# Phosphorous Free Fertilizer



## drudd (Jul 14, 2018)

Hey all - I've been reading this forum for a while, but first time posting. Really appreciate all the great information and advice on here.

I live in the Charlotte area with typical clay soil and TTTF. I recently did my first soil sample and was surprised to see my phosphorous was quite high. In retrospect, I've probably thrown down too much starter fert one the last 2 years (fall and spring apps) and I've also put down Milo regularly.

I've attached my soil sample results for reference, and would appreciate any other recommendations for it, but what I'm most interested in is for recommendations for a good phosphorous free fertilizer. Preferably something on the organic side. I've looked at Ringer's and have seen PurelyOrganics Products Lawn Food Fertilizer and Jobe's Organic Lawn online. I haven't been able to find any of these in stock around me though.

Any recommendations on phosphorous free fertilizers (preferably organic)? And if so, where to buy it?


----------



## jdc_lawnguy (Oct 30, 2018)

Ringer is Phos Free and Organic

I recently ran across ringer in a local Ace Hardware and it was much cheaper without shipping.

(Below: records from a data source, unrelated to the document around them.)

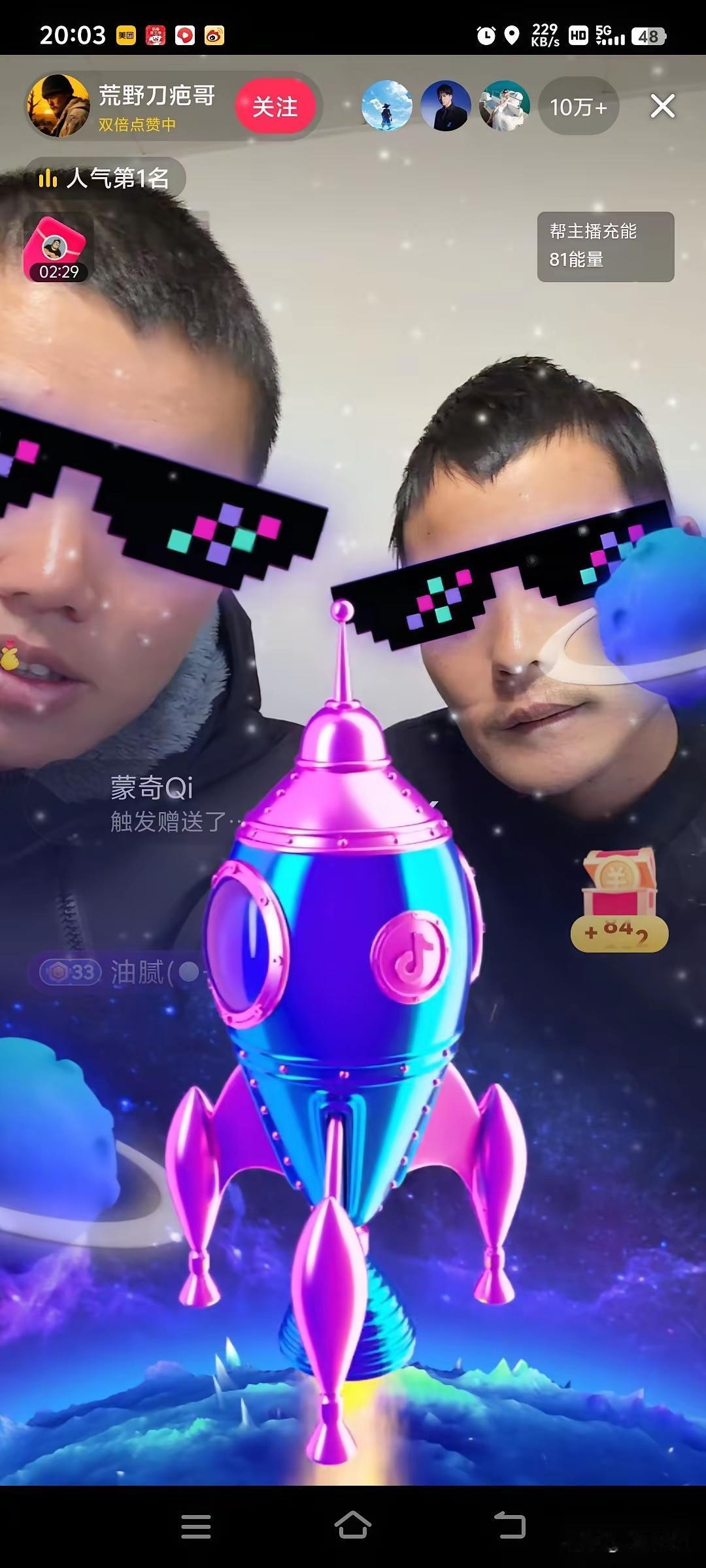 刀疤哥也是得道成仙了,首次直播人数就达10万之多,礼物满屏飞,豪车火箭目不暇接,俩人的头离屏幕越来越近,从最初的紧张到被礼物砸懵,估计自己也没想到这泼天的富贵就这么来了,人生已经到达了巅峰!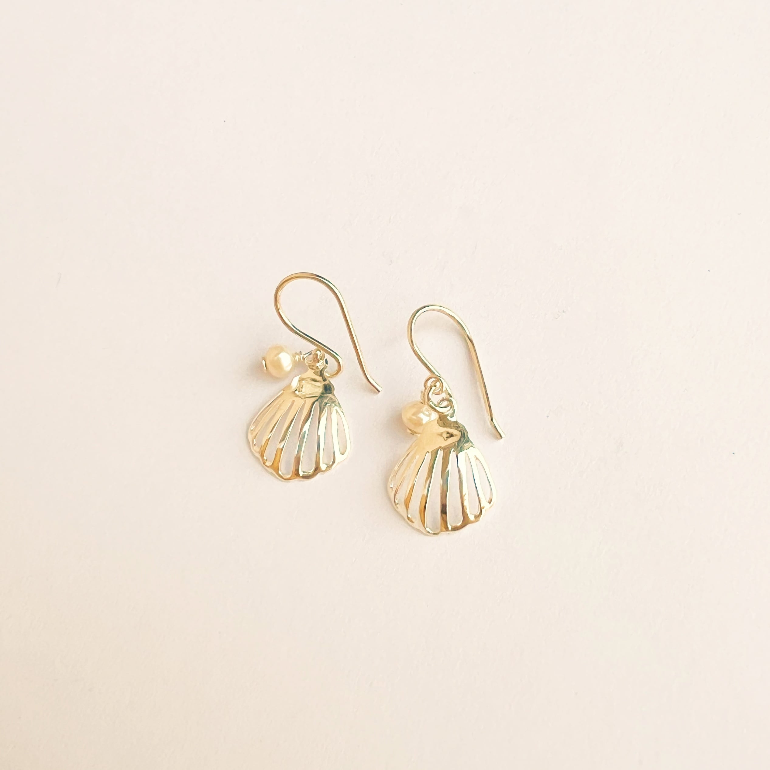 スカシのシェルに、小さな淡水パールをセットしました。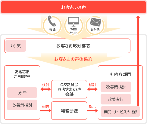 お客さまご相談室及び関係各部参加による、お客さまの声会議を定期的に開催し、お客さまからいただいたご意見・ご要望に対する改善策等を検討しています。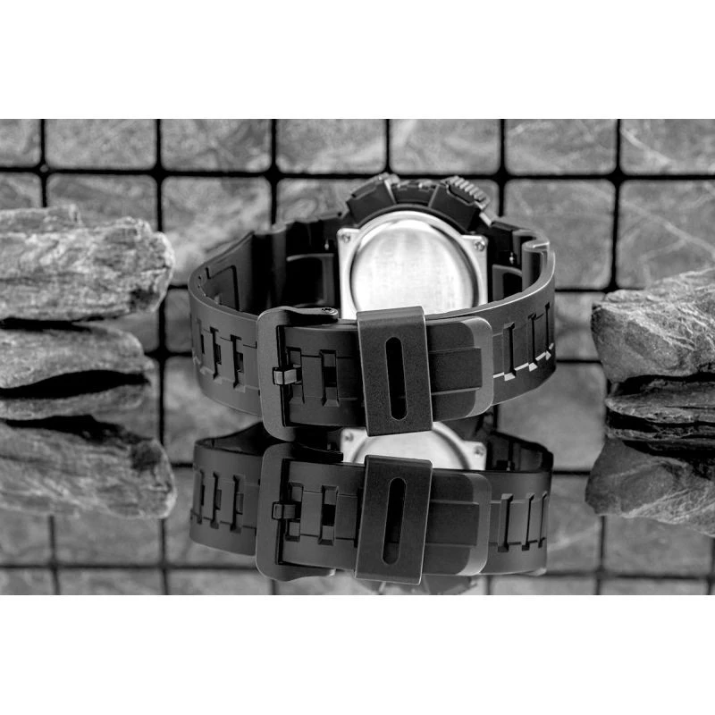 Bardzo lekki, zapewniając komfort w codziennym użytkowaniu, zwłaszcza w przypadku aktywności fizycznej. Materiał żywiczny jest odporny na uszkodzenia mechaniczne, takie jak pęknięcia czy złamania, co czyni go idealnym wyborem do zegarków przeznaczonych do intensywnego użytkowania. Resin jest odporny na wilgoć, działanie wody, a także na zmiany temperatury, co sprawia, że paski te doskonale sprawdzają się w trudnych warunkach. Paski resinowe są łatwe do czyszczenia - wystarczy przetrzeć je wilgotną ściereczką, aby usunąć zabrudzenia.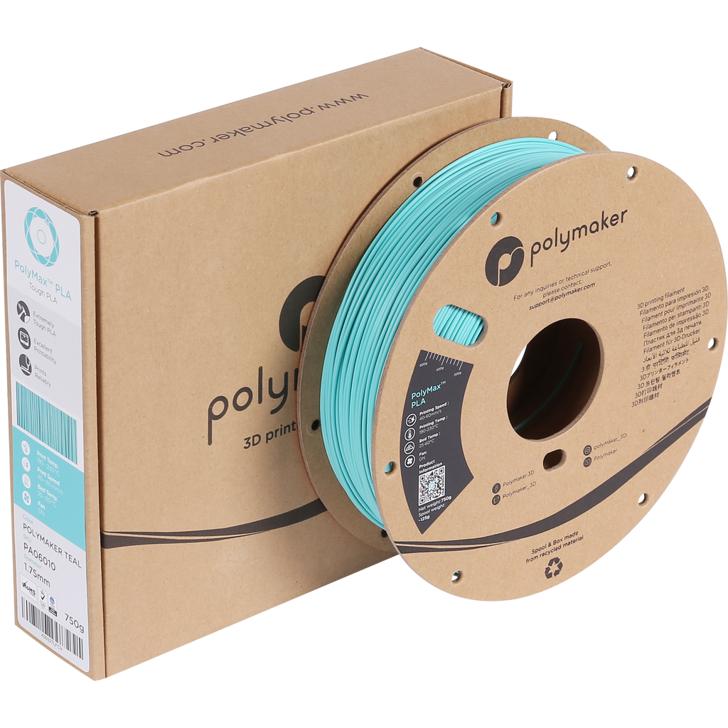 Regular PLA is a very brittle material, which limits the ways you can use it. PolyMax PLA was invented to fix this problem. This PLA has a 9-fold higher impact resistance than standard PLA and 20% better resistance to ABS. This means you can use it for many different tasks!

I have also noticed some garden centers tend to carry other "local" organic options that may be phos free. Some are solely N some have K.


----------



## gpbrown60 (Apr 7, 2018)

As you mentioned Purely Organic Products have a 10-0-2 in a 25 lb. bag that covers 5,000 square feet. It is 50% cheaper than Ringer and can be purchased online through Home Depot. I recently ordered some and picked it up at my local HD. It is unfortunate that they do not stock it in the store.


----------



## Green (Dec 24, 2017)

I like Protene brand, if you can find it.


----------



## drudd (Jul 14, 2018)

Looks like Purely Organic Products Lawn Food will be the easiest to get my hands on - I'll give it a try. Thanks for the input!


----------